→ REQUIRED ACTION
Write out exactly the lines below starting at the one containing "Some coats come" and ending at the one containing "먼저 신세계 앱을 다운로드 한 후 로그인하고, 첫 화면으로 들어갑니다.". Omit every picture.
======== INPUT DATA ========
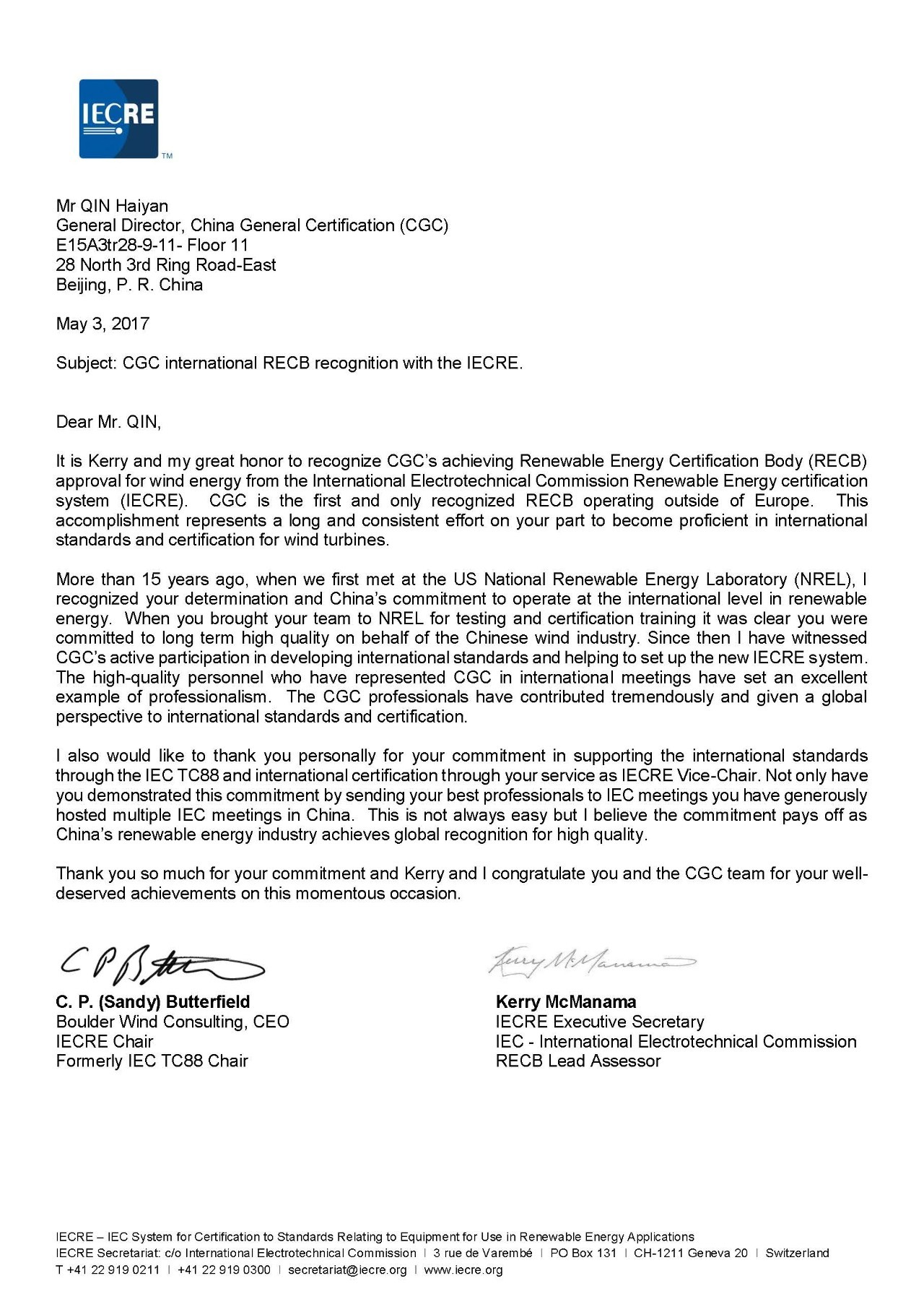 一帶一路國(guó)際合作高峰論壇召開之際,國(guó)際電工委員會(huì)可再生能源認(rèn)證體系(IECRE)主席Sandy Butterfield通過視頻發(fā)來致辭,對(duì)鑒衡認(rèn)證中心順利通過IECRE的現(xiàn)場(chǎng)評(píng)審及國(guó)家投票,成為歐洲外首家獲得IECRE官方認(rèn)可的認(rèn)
========
======== INPUT DATA ========
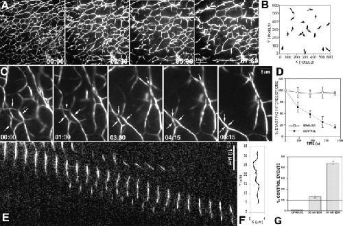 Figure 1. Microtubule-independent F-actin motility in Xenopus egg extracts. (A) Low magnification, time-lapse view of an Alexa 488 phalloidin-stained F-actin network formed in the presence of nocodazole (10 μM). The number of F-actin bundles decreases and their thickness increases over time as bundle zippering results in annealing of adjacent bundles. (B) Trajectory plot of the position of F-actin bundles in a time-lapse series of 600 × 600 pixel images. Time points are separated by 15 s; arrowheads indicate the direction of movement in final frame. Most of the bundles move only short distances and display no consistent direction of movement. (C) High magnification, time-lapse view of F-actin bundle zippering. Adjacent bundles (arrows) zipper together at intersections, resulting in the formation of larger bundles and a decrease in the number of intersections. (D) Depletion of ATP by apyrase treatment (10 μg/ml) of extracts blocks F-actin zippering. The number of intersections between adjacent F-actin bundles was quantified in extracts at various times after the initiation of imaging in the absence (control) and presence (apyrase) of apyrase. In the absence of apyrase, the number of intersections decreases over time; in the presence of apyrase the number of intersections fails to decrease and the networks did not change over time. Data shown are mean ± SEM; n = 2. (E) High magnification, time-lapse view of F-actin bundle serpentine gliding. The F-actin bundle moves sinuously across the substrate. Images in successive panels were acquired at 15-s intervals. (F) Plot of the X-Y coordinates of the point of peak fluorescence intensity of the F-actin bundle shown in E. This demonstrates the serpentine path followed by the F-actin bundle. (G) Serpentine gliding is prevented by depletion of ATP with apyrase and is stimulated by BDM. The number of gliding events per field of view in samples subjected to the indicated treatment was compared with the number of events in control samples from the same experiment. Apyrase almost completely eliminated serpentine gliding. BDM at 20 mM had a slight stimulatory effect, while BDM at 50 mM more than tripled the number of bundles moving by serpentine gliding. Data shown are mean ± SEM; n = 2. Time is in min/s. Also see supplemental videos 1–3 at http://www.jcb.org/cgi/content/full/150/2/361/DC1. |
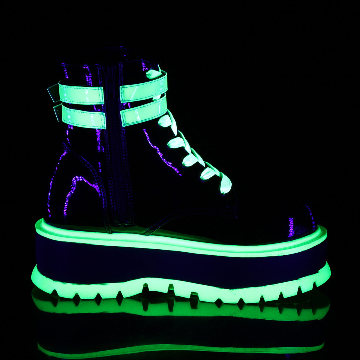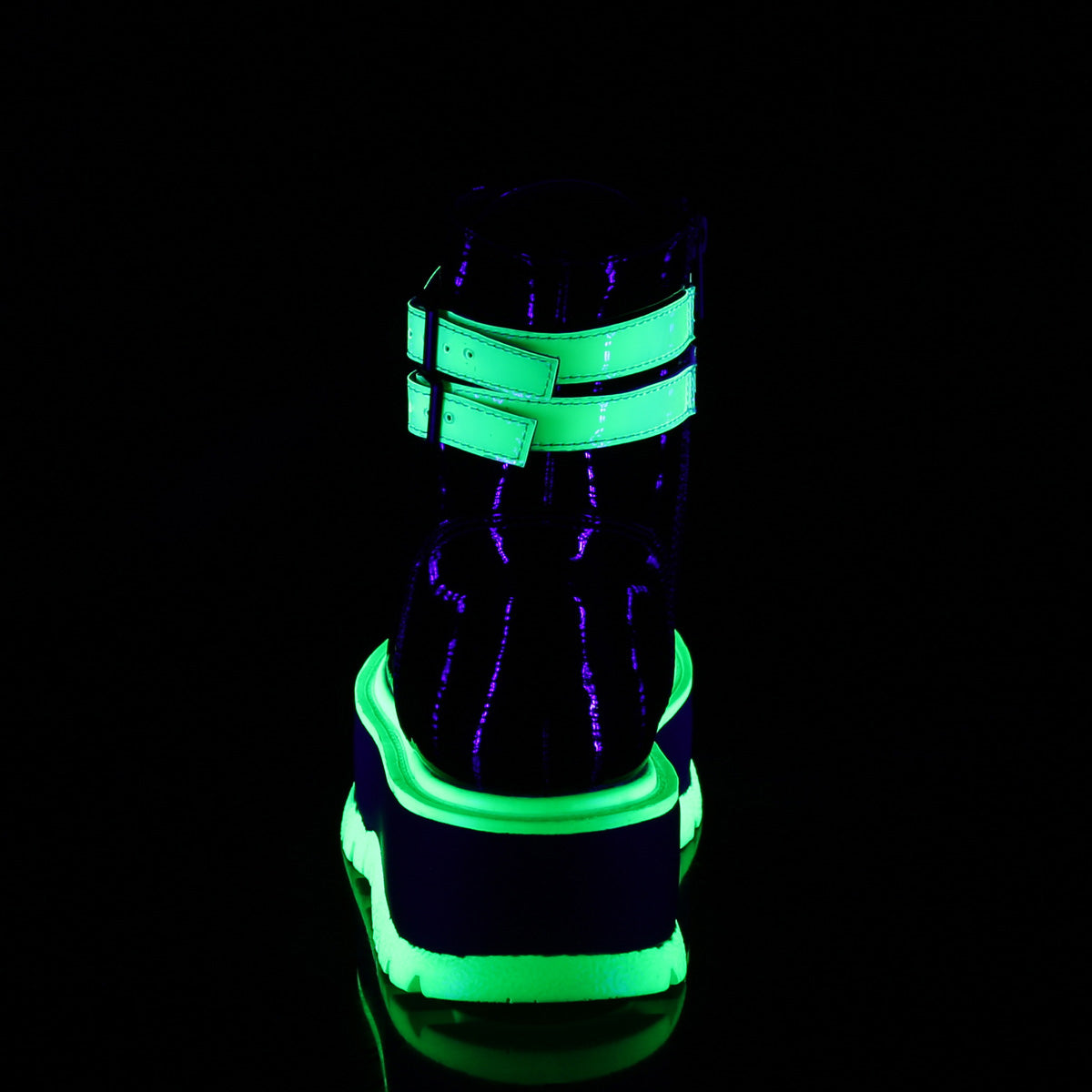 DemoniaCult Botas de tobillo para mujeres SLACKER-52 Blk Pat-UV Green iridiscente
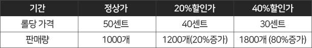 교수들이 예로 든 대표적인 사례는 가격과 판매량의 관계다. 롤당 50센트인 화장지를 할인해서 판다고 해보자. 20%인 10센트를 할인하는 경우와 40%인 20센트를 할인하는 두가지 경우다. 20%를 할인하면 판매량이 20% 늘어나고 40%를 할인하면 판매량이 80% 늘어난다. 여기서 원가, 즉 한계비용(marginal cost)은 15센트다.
========
======== INPUT DATA ========
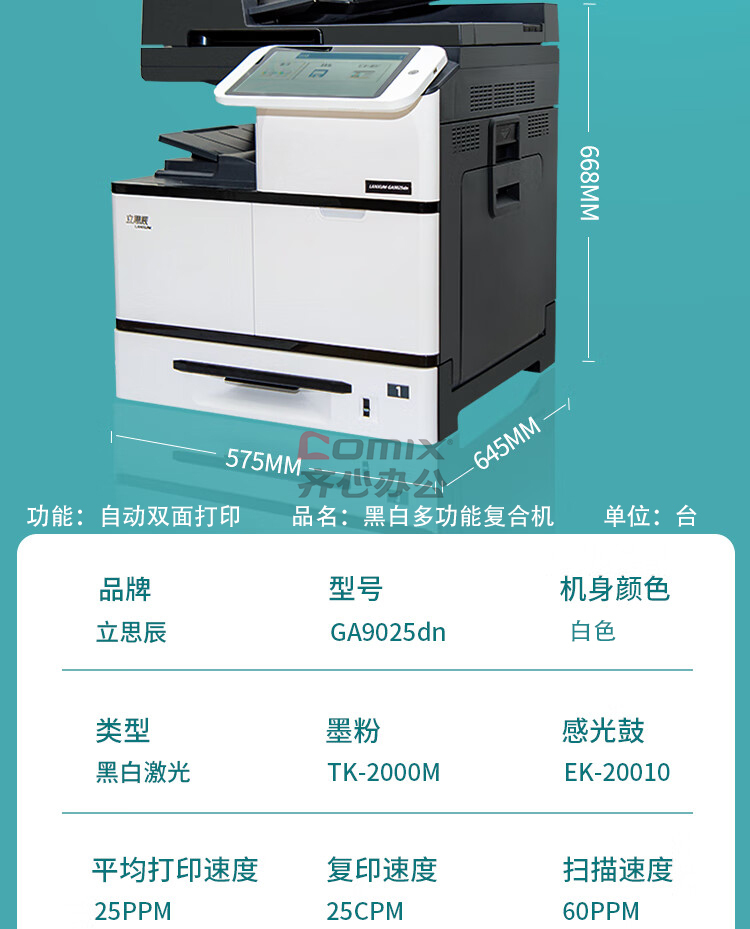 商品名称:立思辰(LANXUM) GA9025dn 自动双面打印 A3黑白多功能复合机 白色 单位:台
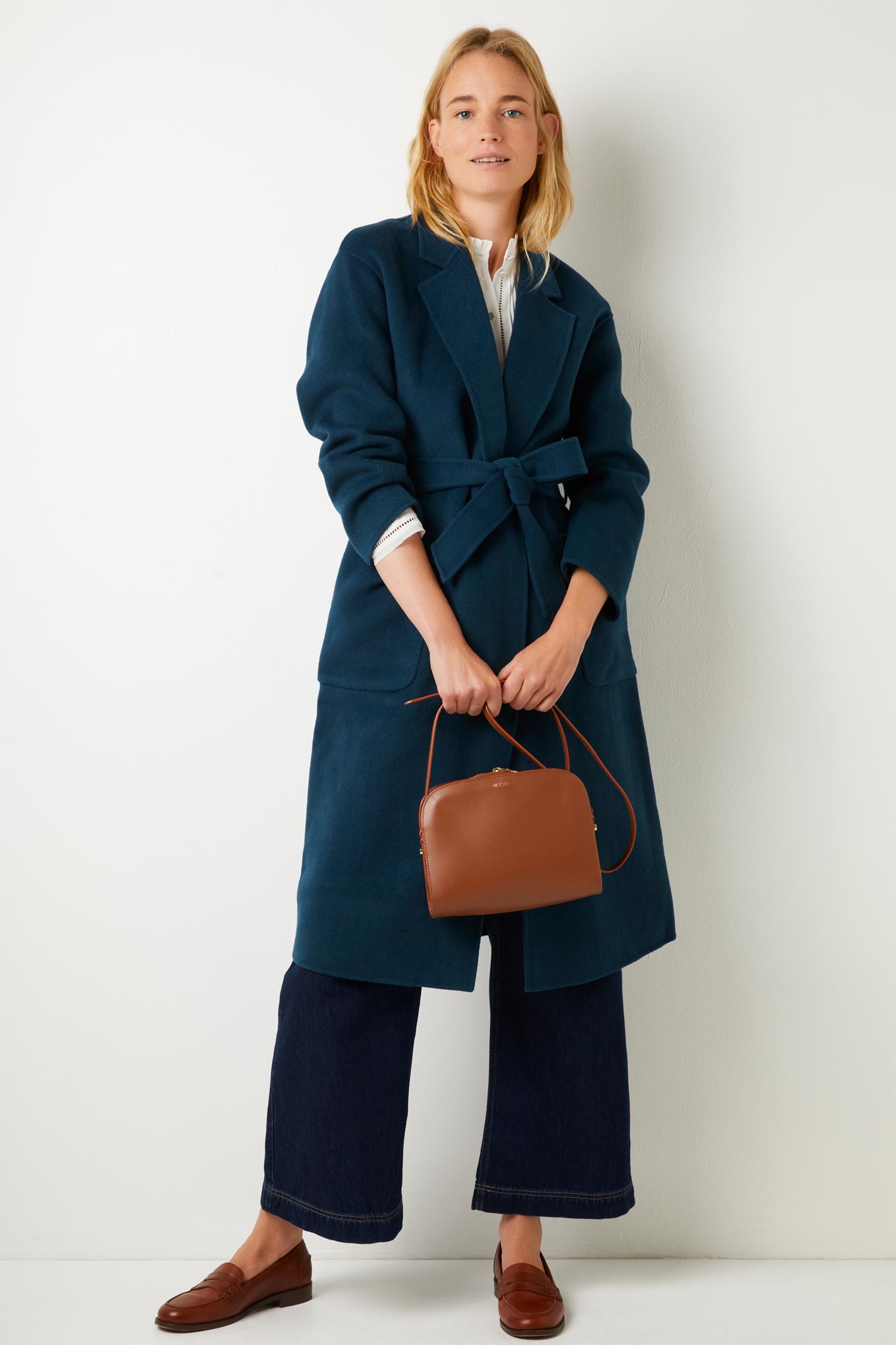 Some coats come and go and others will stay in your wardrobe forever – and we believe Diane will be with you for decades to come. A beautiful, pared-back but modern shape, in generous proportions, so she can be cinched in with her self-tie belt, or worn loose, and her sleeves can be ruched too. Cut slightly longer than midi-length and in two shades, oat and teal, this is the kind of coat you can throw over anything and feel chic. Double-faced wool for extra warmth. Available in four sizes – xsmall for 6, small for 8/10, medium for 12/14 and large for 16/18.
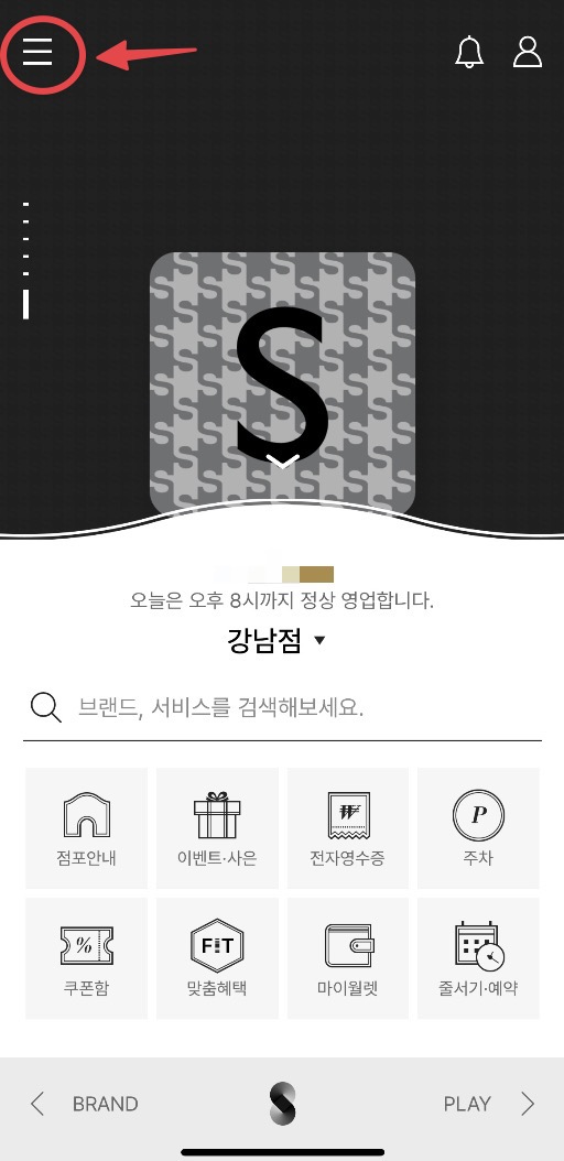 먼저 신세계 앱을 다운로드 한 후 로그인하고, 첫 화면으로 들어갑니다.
========
→ ANSWER AREA
 Some coats come and go and others will stay in your wardrobe forever – and we believe Diane will be with you for decades to come. A beautiful, pared-back but modern shape, in generous proportions, so she can be cinched in with her self-tie belt, or worn loose, and her sleeves can be ruched too. Cut slightly longer than midi-length and in two shades, oat and teal, this is the kind of coat you can throw over anything and feel chic. Double-faced wool for extra warmth. Available in four sizes – xsmall for 6, small for 8/10, medium for 12/14 and large for 16/18.
 먼저 신세계 앱을 다운로드 한 후 로그인하고, 첫 화면으로 들어갑니다.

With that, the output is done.